# БФИ2001 Фаттахов Тагир

## Лабораторная работа №8 (Генерация текста на основе "Алисы в стране чудес")

In [40]:
import numpy
import sys
from keras.models import Sequential
from keras.layers import Dense
from keras.layers import Dropout
from keras.layers import LSTM
from keras.callbacks import ModelCheckpoint, Callback, TensorBoard
from keras.utils import np_utils

Загрузка текста и преобразования в нижний регистр

In [2]:
filename = "wonderland.txt"
raw_text = open(filename, encoding="utf-8").read()
raw_text = raw_text.lower()

Создания словаря символ - целочисленное значение

In [3]:
chars = sorted(list(set(raw_text)))
char_to_int = dict((c, i) for i, c in enumerate(chars))

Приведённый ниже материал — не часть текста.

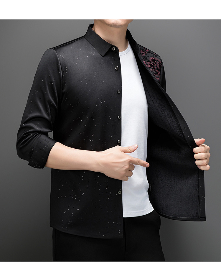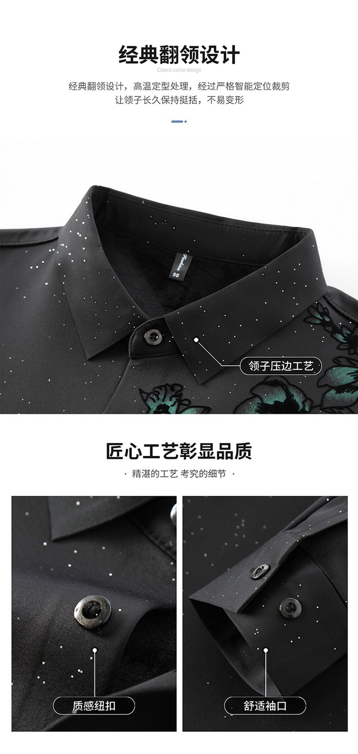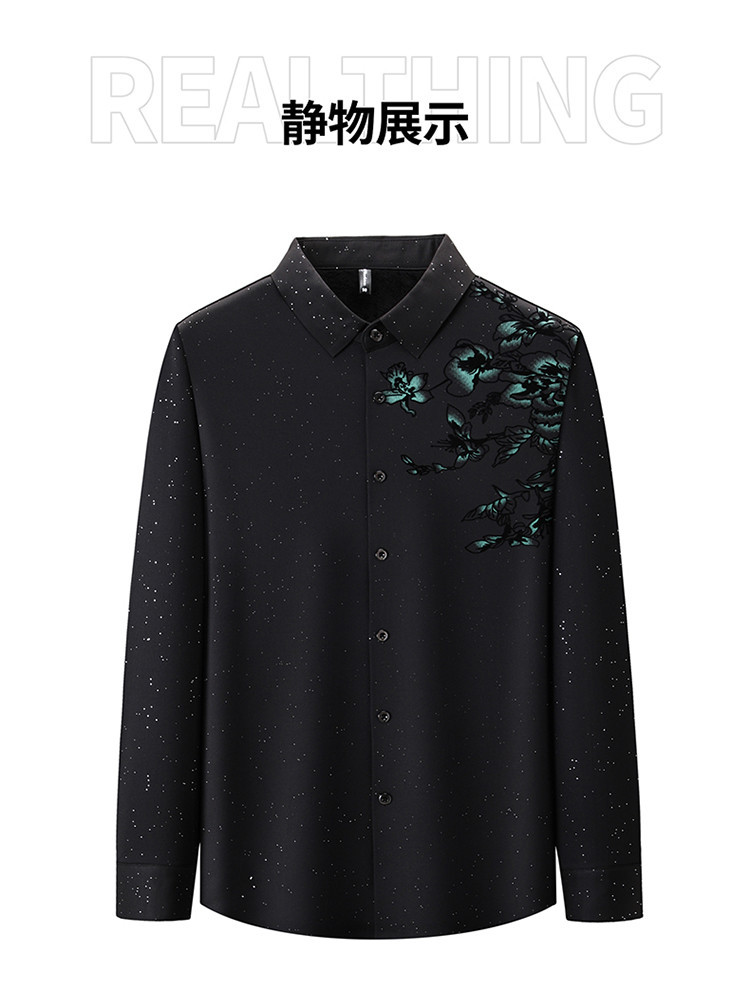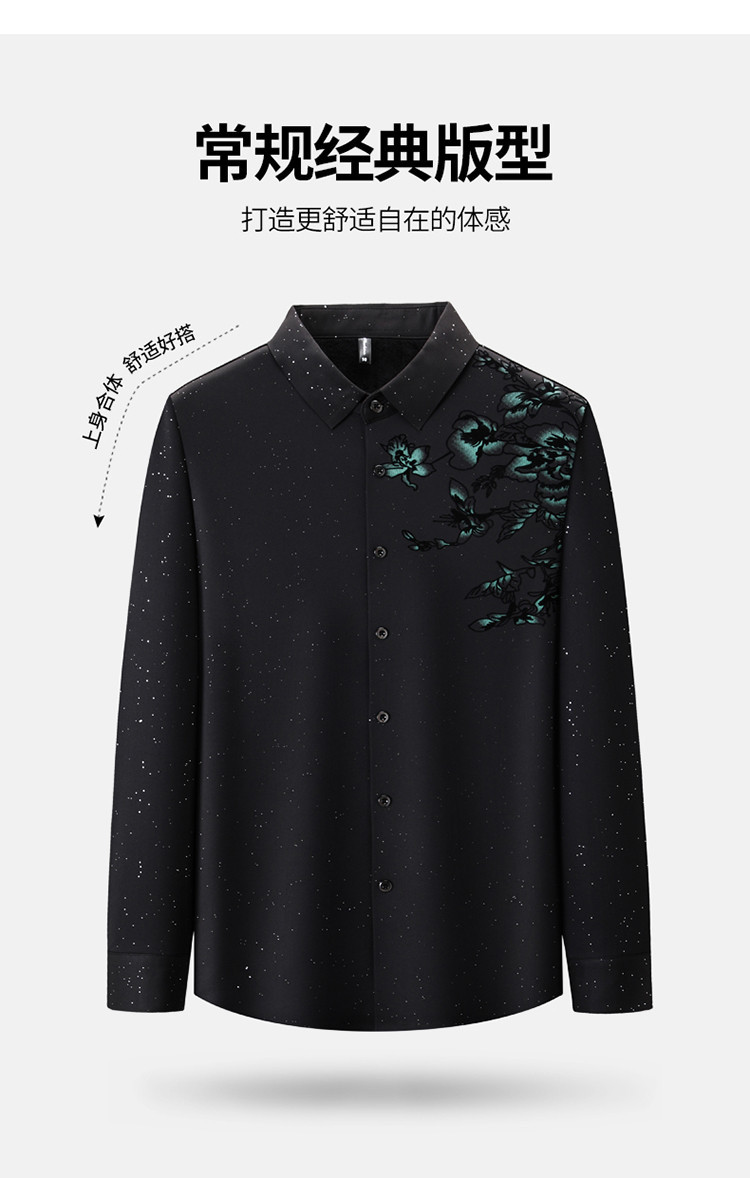 봄, 가을 남성용 인기 긴팔 셔츠, 비즈니스 캐주얼 셔츠, 남성용 고급 아이스 실크 심리스 프린트 인치 셔츠스토어 가기
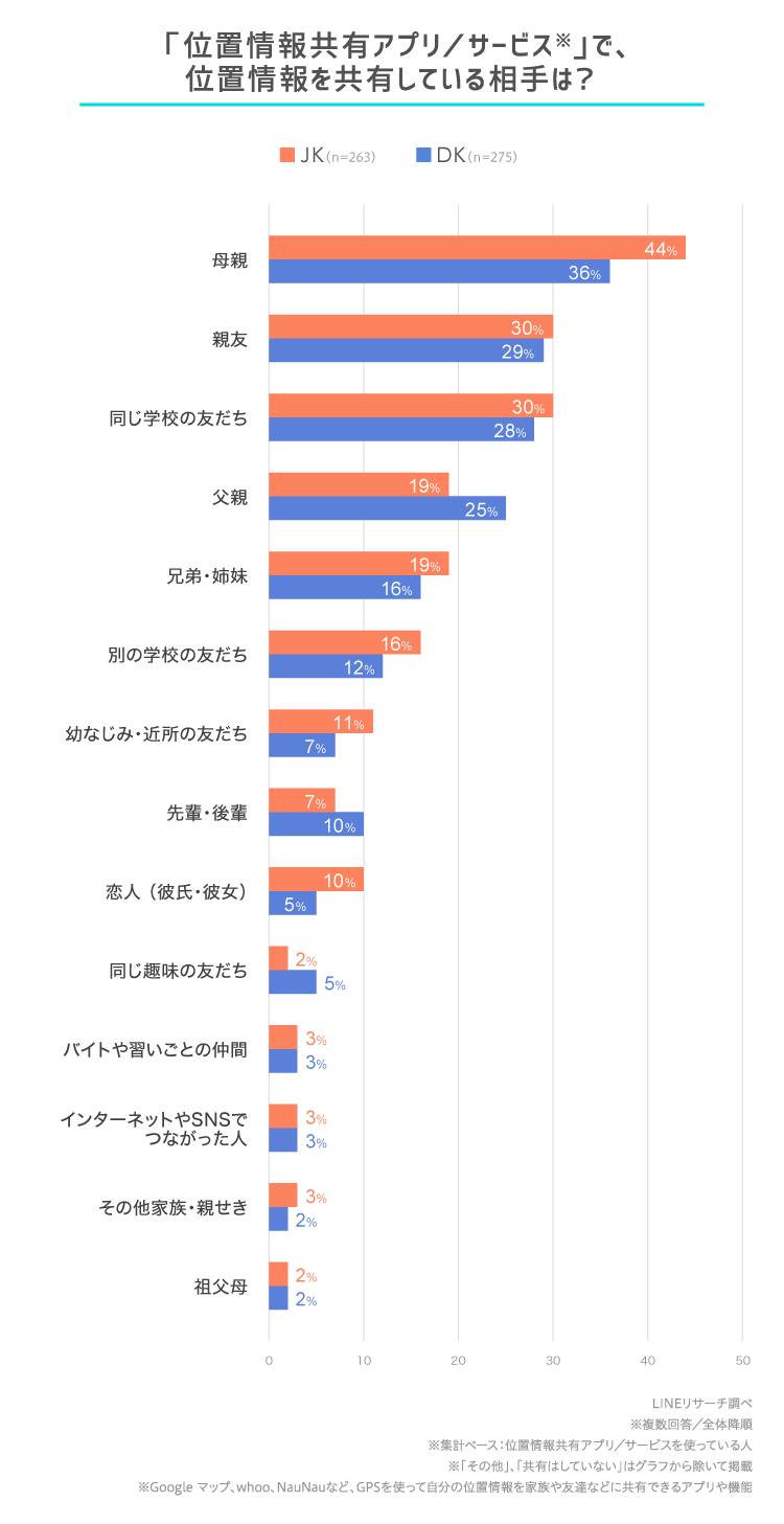 「恋人(彼氏・彼女)」は、1割台となりましたが、男子高生より女子高生の方が恋人に位置情報を共有している人が多い結果になりました。
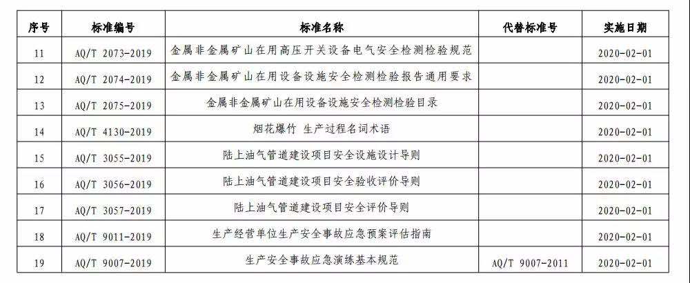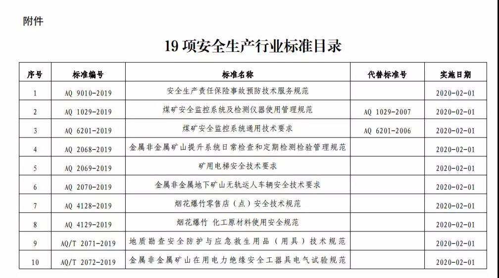 中華人民共和國應急管理部批準以下19項安全生產(chǎn)行業(yè)標準(目錄見附件),自2020年2月1日起施行,現(xiàn)予以公布。
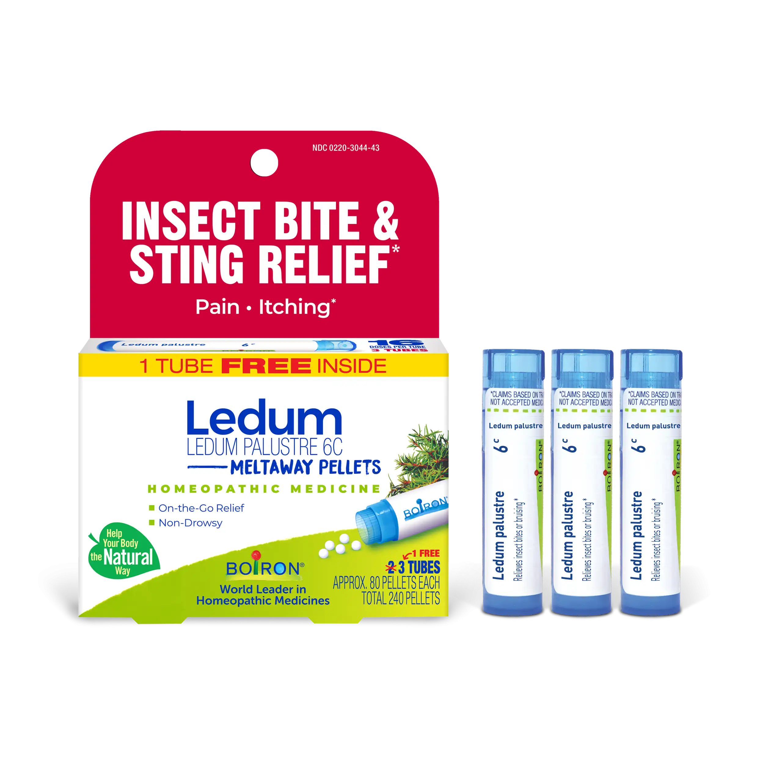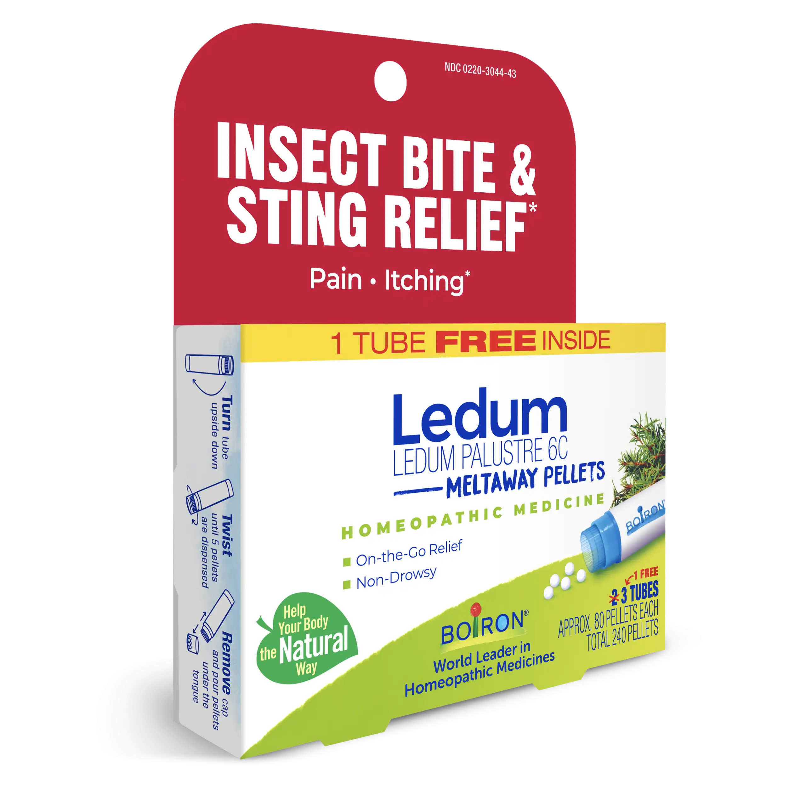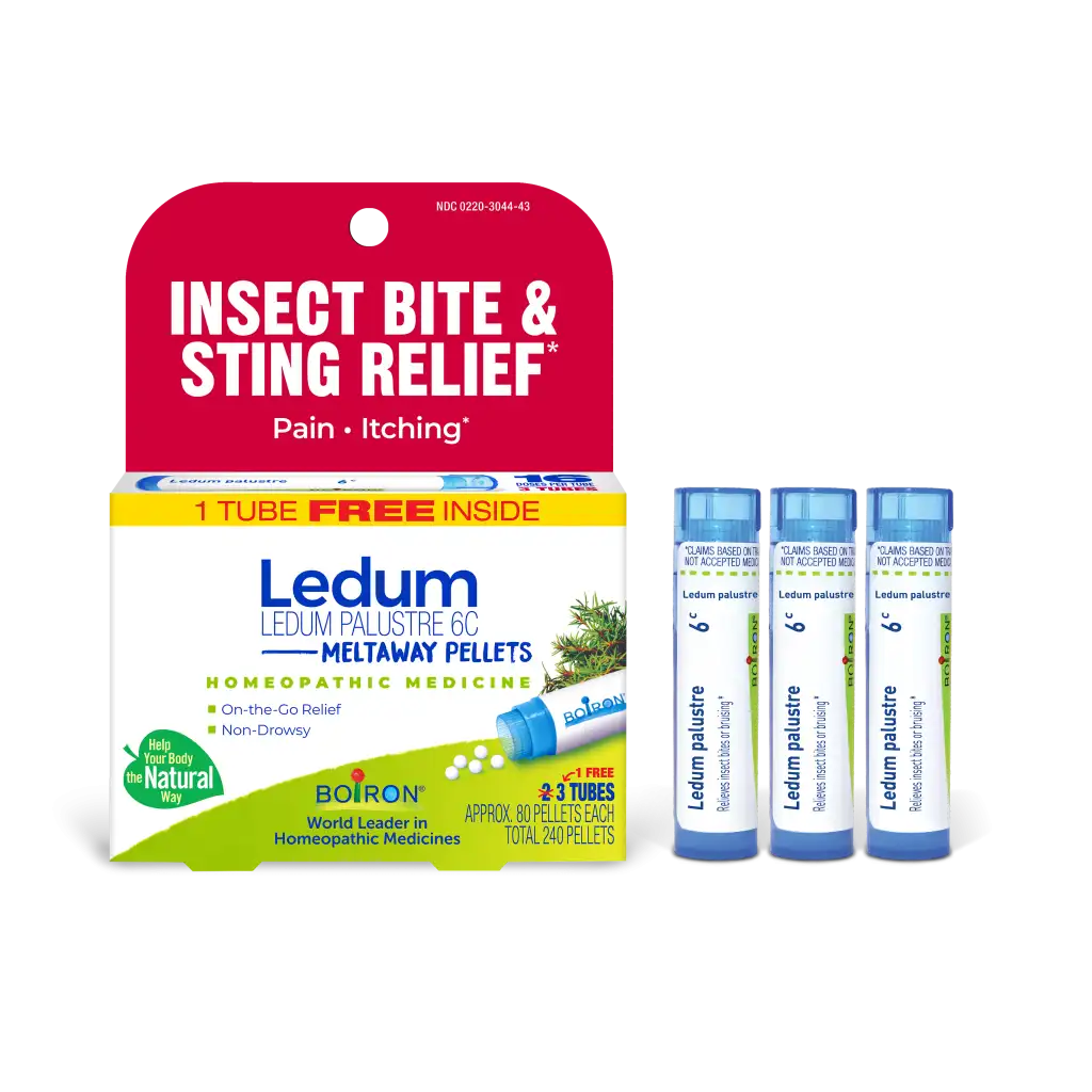 Customize your care with Boiron single medicines for highly targeted relief. Ledum palustre 6C is a homeopathic medicine that is taken orally to relieve the pain and itching due to minor insect bites and stings.* Ideal for adults and children, itโs designed for stings from mosquitos, bees, ants, flies, and other common insects. The meltaway pellets dissolve in the mouth without water and come in easy dispensing tubes to take on the go.

Суммирование набора данных

In [4]:
n_chars = len(raw_text)
n_vocab = len(chars)
print("Total Characters:", n_chars)
print("Total Vocab:", n_vocab)

Total Characters: 144679
Total Vocab: 49


Разделение книги на последовательности по 100 значений

In [5]:
seq_length = 100
dataX = []
dataY = []
for i in range(0, n_chars - seq_length, 1):
    seq_in = raw_text[i:i + seq_length]
    seq_out = raw_text[i + seq_length]
    dataX.append([char_to_int[char] for char in seq_in])
    dataY.append(char_to_int[seq_out])

n_patterns = len(dataX)
print("Total Patterns:", n_patterns)

Total Patterns: 144579


Нормализация данных для обучения

In [6]:
X = numpy.reshape(dataX, (n_patterns, seq_length, 1))
X = X / float(n_vocab)
y = np_utils.to_categorical(dataY)

Задаём архитектуру ИНС

In [8]:
model = Sequential()
model.add(LSTM(256, input_shape=(X.shape[1], X.shape[2])))
model.add(Dropout(0.2))
model.add(Dense(y.shape[1], activation='softmax'))
model.compile(loss='categorical_crossentropy', optimizer='adam')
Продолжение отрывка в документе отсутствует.